There's no point talking to him, of course. He'd only let her know in no uncertain terms that Time Lords are not prone to such _human _vulnerabilities (she can just hear it now) and if his educated explanation is being cut short by a gasping fit of sneezes, well, it's only because they ought to _clean up _better around here. Doesn't she know him by now? Then he'll turn round and go back to spreading germs all over the console. She can just see it.

Besides, he's in one of his moods again. And Peri knows all about his moods. Noisy, boisterous and a little bit mad, that's her Doctor, lecturing her about the importance of bouncing back and keeping her spirit (sniffling miserably). He'd taken her to the ocean planet of name-she-can't-pronounce and gallantly suggested she have some fun in the sun (he'll be right behind her, albeit shivering a little). Not worry her pretty little head over such dreadful things as Cybermen and semi-extinct species. That's her Doctor, never one to be put down by such little things as a horrid head cold and close brushes with death and doomed planets.

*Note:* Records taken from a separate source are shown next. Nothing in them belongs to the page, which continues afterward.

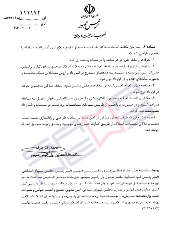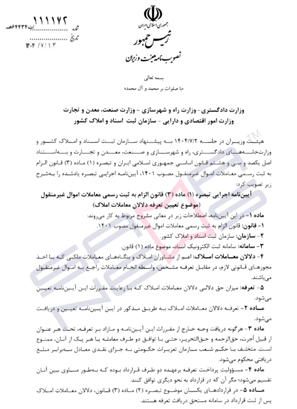 ابلاغ این مصوبه، مسیر فعالیت شفاف حدود ۷۰۰ هزار معامله ملکی سالانه در کشور را روشنتر میکند؛ بازاری که تا پیش از این، بهدلیل نبود ضوابط مشخص، محل بروز اختلافات فراوان میان مشاوران، خریداران و مستاجران بود.
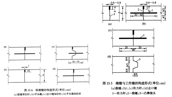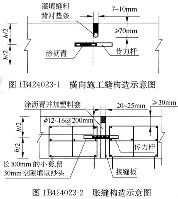 縱向接縫是根據(jù)路面寬度和施工鋪筑寬度設(shè)置。一次鋪筑寬度小于路面寬度時,應(yīng)設(shè)置帶拉桿的平縫形式的縱向施工縫。一次鋪筑寬度大于4.5m時,應(yīng)設(shè)置帶拉桿的假縫形式的縱向縮縫……橫向接縫:橫向施工縫盡可能選在縮縫或脹縫處。前者采用加傳力桿的平縫形式,后者同脹縫形式。特殊情況下,采用設(shè)拉桿的企口縫形式。
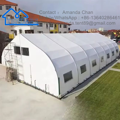 Une tente de rangement en courbe est une structure temporaire avec un toit incurvé, adaptée au stockage en entrepôt en plein air.ou des matériaux tout en offrant une protection contre les éléments.
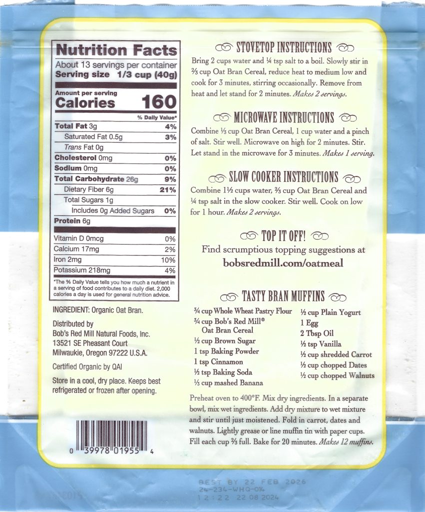 Combine 1/3 cup Oat Bran Cereal, 1 cup water and a pinch of salt. Stir well. Microwave on high for 2 minutes. Stir. Let stand in the microwave for 3 minutes. Makes 1 serving.

Peri decides to defiantly take him up on his offer and spends the day floating on her back in sun-warmed water, trying to relax and think. The Doctor doesn't join her, of course, just pokes his head out of the TARDIS a couple of times, coughs something about urgent repairs and retreats hastily. Well, good for him for managing to get rid of her. But that is, again, just the Doctor: topple a government, save a world at the price of some lives, then shelve his somewhat traumatized companion off in some vacation planet and sulk in the TARDIS all alone.

Repairs. Right. Not so alien now, are we, Doctor?

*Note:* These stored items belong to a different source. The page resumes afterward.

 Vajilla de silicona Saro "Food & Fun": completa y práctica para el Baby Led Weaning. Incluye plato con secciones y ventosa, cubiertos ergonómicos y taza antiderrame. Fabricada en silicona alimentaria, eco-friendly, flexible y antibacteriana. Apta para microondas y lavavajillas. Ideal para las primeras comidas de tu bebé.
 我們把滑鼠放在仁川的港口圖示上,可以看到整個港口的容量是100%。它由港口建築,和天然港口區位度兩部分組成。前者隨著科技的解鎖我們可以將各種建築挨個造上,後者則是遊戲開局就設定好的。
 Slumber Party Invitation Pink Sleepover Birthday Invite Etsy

She comes back after the glorious blue sunset that this world has with her hair full of salt, towel draped across her shoulders, and the TARDIS is oddly quiet, which is strange since she expected to find him tugging at wires and kicking the walls and ranting hoarsely. It's probably his favorite pastime besides sniping at her. She takes a long luxurious shower and decides not to stop by anywhere before going off to her room to sleep, because finding her room can take a while. Like Doctor like TARDIS.

It was a good day on this glorious, warm planet, the polar opposite of Telos, and she doesn't plan to let it be ruined. But passing through a corridor, she winces hearing what is almost definitely the Doctor snoring. He's loud even in his sleep.

So she pushes the door open just a crack and tiptoes into the room, reveling in the chance to look over the Time Lord when he is, for once, not looming over her, and there he is. He'd built himself something of a nest, Peri observes, the bed is effectively a pile of blankets and there is her Doctor, curled up in them wearing blue pajamas and still half-holding an open book with one hand. His mouth is slightly open and he looks sick and boyish and sad. The bedside table is remarkably neat, ghastly handkerchief, cup of tea with lemon, the alien cousin of a thermometer, a little plate with the remains of the chocolate cupcake that is the Time Lord choice of comfort food.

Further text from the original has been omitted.